- **TASK BRIEF**
Each line in the records below, from the one that contains "Getreide gedroschen wurde)" to the one that contains "U.S. President Joe", should be reproduced exactly, the first and last included.

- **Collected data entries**
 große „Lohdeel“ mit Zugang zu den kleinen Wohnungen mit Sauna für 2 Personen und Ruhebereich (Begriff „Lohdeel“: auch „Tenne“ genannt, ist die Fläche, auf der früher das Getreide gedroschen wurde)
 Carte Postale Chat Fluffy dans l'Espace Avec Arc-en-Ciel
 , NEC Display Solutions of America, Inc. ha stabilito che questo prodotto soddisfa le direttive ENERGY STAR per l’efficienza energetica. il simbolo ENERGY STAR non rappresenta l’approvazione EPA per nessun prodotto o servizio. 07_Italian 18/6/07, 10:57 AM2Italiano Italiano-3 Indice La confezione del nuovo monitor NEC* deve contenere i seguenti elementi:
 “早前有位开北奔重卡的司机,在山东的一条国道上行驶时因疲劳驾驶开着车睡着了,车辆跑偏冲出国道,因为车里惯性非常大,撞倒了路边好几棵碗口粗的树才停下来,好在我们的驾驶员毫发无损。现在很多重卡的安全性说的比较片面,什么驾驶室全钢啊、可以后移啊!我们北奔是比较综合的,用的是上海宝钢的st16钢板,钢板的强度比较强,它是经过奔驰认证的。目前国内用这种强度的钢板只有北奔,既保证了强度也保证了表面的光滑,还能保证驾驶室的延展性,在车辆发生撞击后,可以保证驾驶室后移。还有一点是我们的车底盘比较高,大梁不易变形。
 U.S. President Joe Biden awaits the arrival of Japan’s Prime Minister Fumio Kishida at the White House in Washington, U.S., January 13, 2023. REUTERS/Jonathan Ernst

--

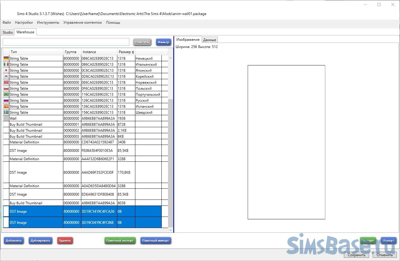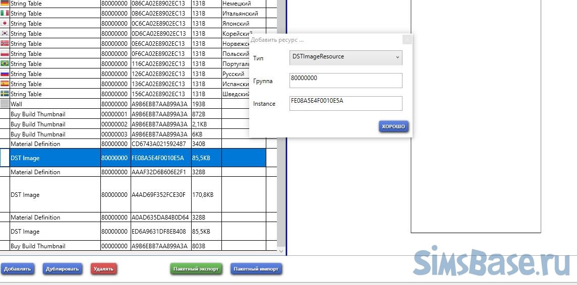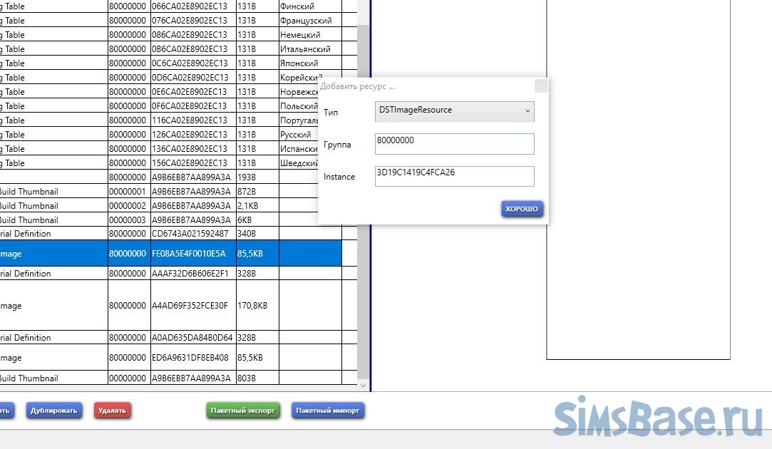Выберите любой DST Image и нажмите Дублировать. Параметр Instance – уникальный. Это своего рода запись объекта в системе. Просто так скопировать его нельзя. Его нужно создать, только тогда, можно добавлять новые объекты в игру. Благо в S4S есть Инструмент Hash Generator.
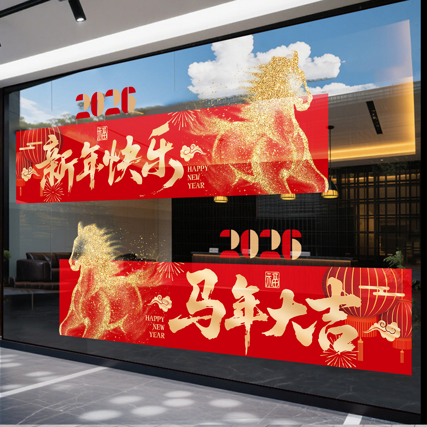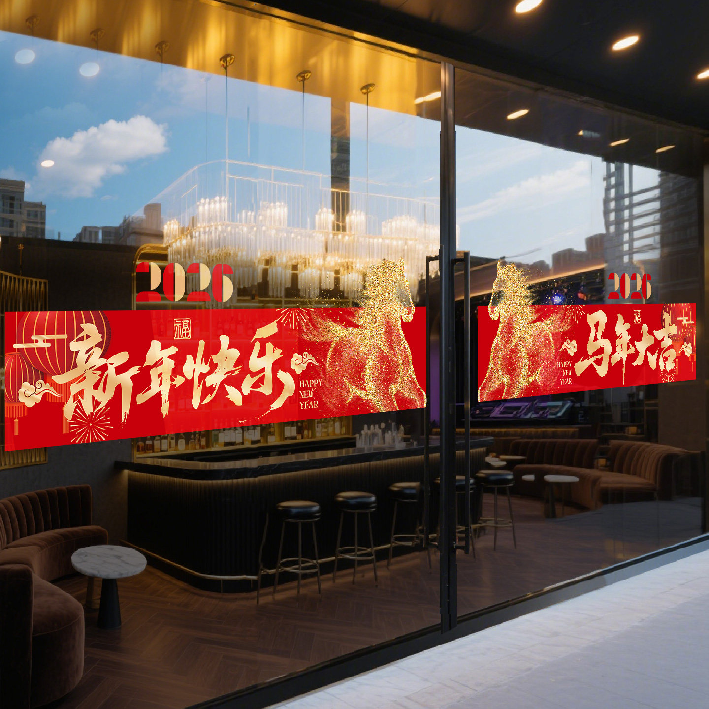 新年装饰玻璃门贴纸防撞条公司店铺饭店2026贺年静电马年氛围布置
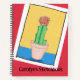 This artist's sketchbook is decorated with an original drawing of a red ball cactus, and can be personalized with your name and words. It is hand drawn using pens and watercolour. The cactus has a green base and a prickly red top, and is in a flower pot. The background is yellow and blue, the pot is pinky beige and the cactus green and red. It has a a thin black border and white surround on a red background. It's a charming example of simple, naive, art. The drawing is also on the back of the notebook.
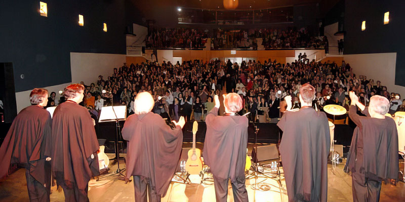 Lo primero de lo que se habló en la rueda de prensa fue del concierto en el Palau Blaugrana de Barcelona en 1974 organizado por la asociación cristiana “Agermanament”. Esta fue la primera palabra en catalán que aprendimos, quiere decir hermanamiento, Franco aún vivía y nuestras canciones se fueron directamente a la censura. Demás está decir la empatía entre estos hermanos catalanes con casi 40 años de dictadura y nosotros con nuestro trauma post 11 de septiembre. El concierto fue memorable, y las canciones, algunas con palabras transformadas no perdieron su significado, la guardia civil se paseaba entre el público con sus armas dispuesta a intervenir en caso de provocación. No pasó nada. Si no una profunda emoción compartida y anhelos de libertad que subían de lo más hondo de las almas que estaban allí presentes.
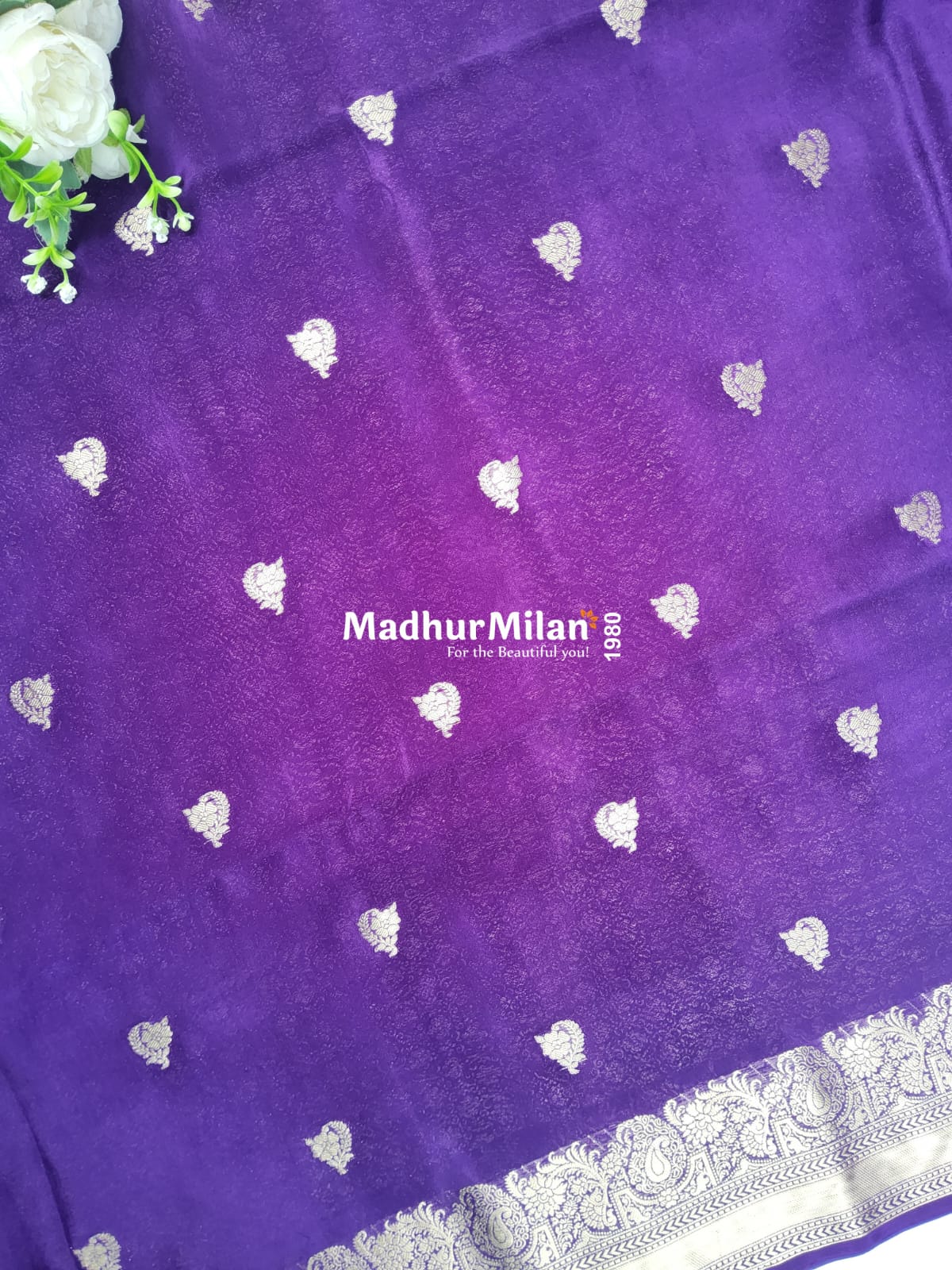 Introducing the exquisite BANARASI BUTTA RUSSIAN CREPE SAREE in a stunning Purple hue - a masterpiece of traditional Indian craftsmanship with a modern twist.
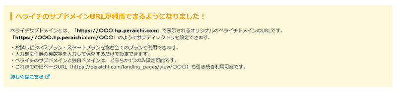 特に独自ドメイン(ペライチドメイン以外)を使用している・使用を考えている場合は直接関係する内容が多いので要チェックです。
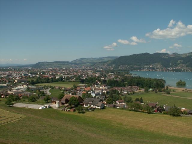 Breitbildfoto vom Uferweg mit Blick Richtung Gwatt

- **ANSWER BOX**
 große „Lohdeel“ mit Zugang zu den kleinen Wohnungen mit Sauna für 2 Personen und Ruhebereich (Begriff „Lohdeel“: auch „Tenne“ genannt, ist die Fläche, auf der früher das Getreide gedroschen wurde)
 Carte Postale Chat Fluffy dans l'Espace Avec Arc-en-Ciel
 , NEC Display Solutions of America, Inc. ha stabilito che questo prodotto soddisfa le direttive ENERGY STAR per l’efficienza energetica. il simbolo ENERGY STAR non rappresenta l’approvazione EPA per nessun prodotto o servizio. 07_Italian 18/6/07, 10:57 AM2Italiano Italiano-3 Indice La confezione del nuovo monitor NEC* deve contenere i seguenti elementi:
 “早前有位开北奔重卡的司机,在山东的一条国道上行驶时因疲劳驾驶开着车睡着了,车辆跑偏冲出国道,因为车里惯性非常大,撞倒了路边好几棵碗口粗的树才停下来,好在我们的驾驶员毫发无损。现在很多重卡的安全性说的比较片面,什么驾驶室全钢啊、可以后移啊!我们北奔是比较综合的,用的是上海宝钢的st16钢板,钢板的强度比较强,它是经过奔驰认证的。目前国内用这种强度的钢板只有北奔,既保证了强度也保证了表面的光滑,还能保证驾驶室的延展性,在车辆发生撞击后,可以保证驾驶室后移。还有一点是我们的车底盘比较高,大梁不易变形。
 U.S. President Joe Biden awaits the arrival of Japan’s Prime Minister Fumio Kishida at the White House in Washington, U.S., January 13, 2023. REUTERS/Jonathan Ernst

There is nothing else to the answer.